In high traffic networks, a notary can receive a large number of notarisation requests very quickly. Once the number of requests is more than the notary has capacity to handle, the notarisation response time will increase.

To avoid a notarisation request being lost in the event of a temporary notary worker outage or failure, Corda nodes will retry requests if no response is received. This means that if a node does not receive a response within a predefined time period, the node will resend the notarisation request. If the notary takes longer to complete each request than the retry timer, the notarisation queue will grow, potentially overloading the notary. The backpressure mechanism has been designed to offer responsive retry timers based on the current load of the notary, and prevent successive waves of retry attempts hindering notary performance.
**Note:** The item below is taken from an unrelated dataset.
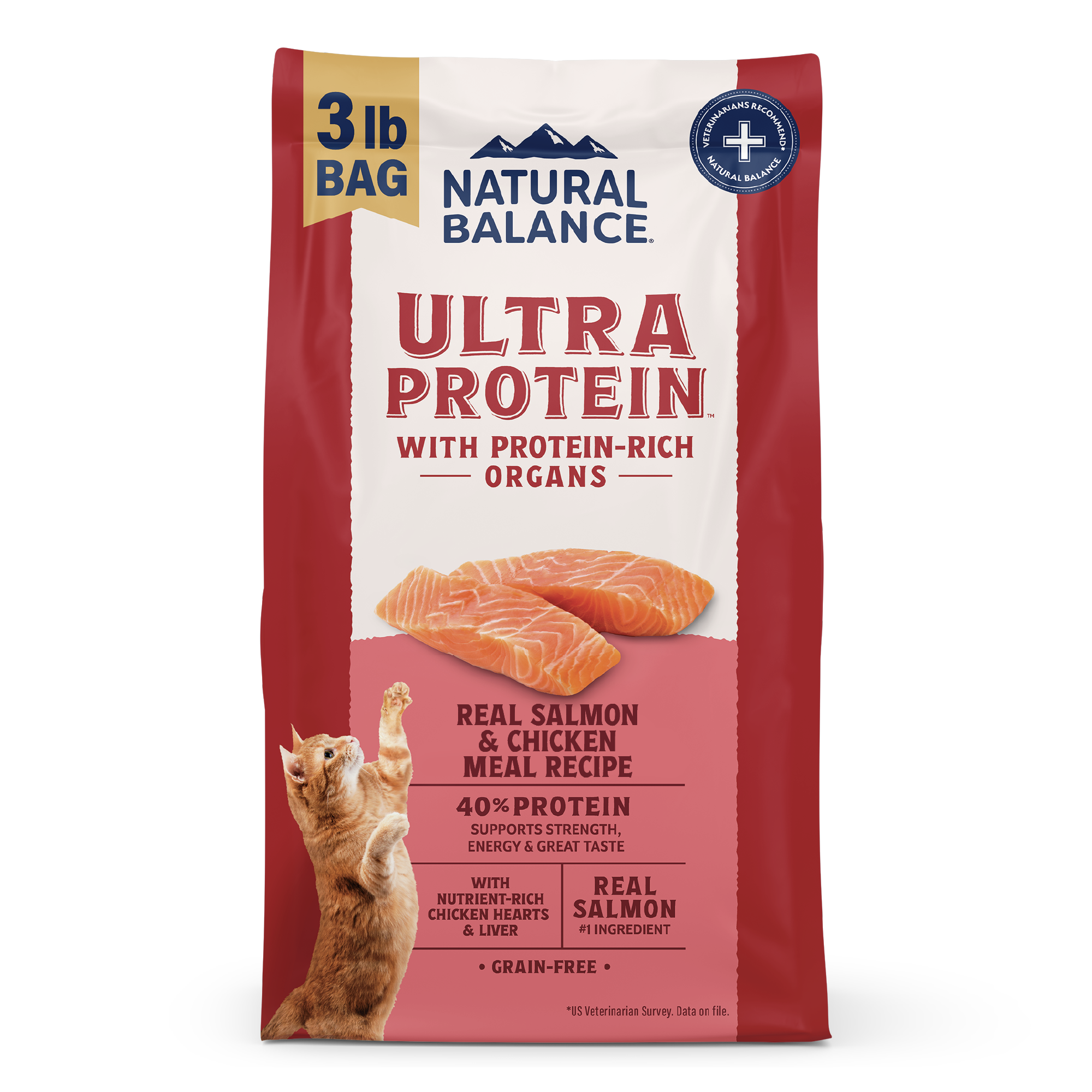 Natural Balance 頂級系列的真三文魚與雞肉配方,由我們的獸醫與營養專家專為貓咪量身打造,旨在最大化蛋白質、風味與營養,即使是最挑嘴的貓咪也無法抗拒。這款美味三文魚與雞肉貓糧的每一口都含有富含蛋白質的貓咪喜愛的器官食材,如雞肝與雞心,營養全面均衡,能提供貓咪渴望的能量與絕佳風味。

The backpressure mechanism ensures that the retry timer is variable, and based on the timeout configuration settings timeout and backoffBase, the number of previous retry attempts for the notarisation request (capped at a maximum defined by the maxRestartCount configuration setting), and an additional jitter factor. The jitter factor introduces a degree of randomness to the calculation, helping to protect the notary against sudden increases in notarisation requests causing a subsequent increase in retry attempts.

Flow Engine Behaviour

When a node makes a notarisation request it receives an estimated completion time. This value represents an upper bound value for time that it should take to process the request, based on the current throughput of the cluster. Once the notarisation request has been processed the node will receive the response, however if no response has been received before the estimated processing time is up then the the node will retry the request.

This mechanism means that requests should always be processed in the event of a notary worker failure, whilst notaries under heavy load do not receive premature, redundant retry requests.

Artemis Messaging Layer Behaviour

A less common scenario that can occur is the notary workers get sent a very large amount of requests which causes the Artemis message broker to become overloaded. For example, if the notary worker receives messages at a greater rate than the maximum rate its Artemis message broker can consume messages from the queue then message processing delays can start to occur.

If running a HA notary cluster then scaling up the worker cluster size will help negate this problem. See Scaling A Notary Cluster for more information. The backpressure within the flow engine should also help to prevent this scenario.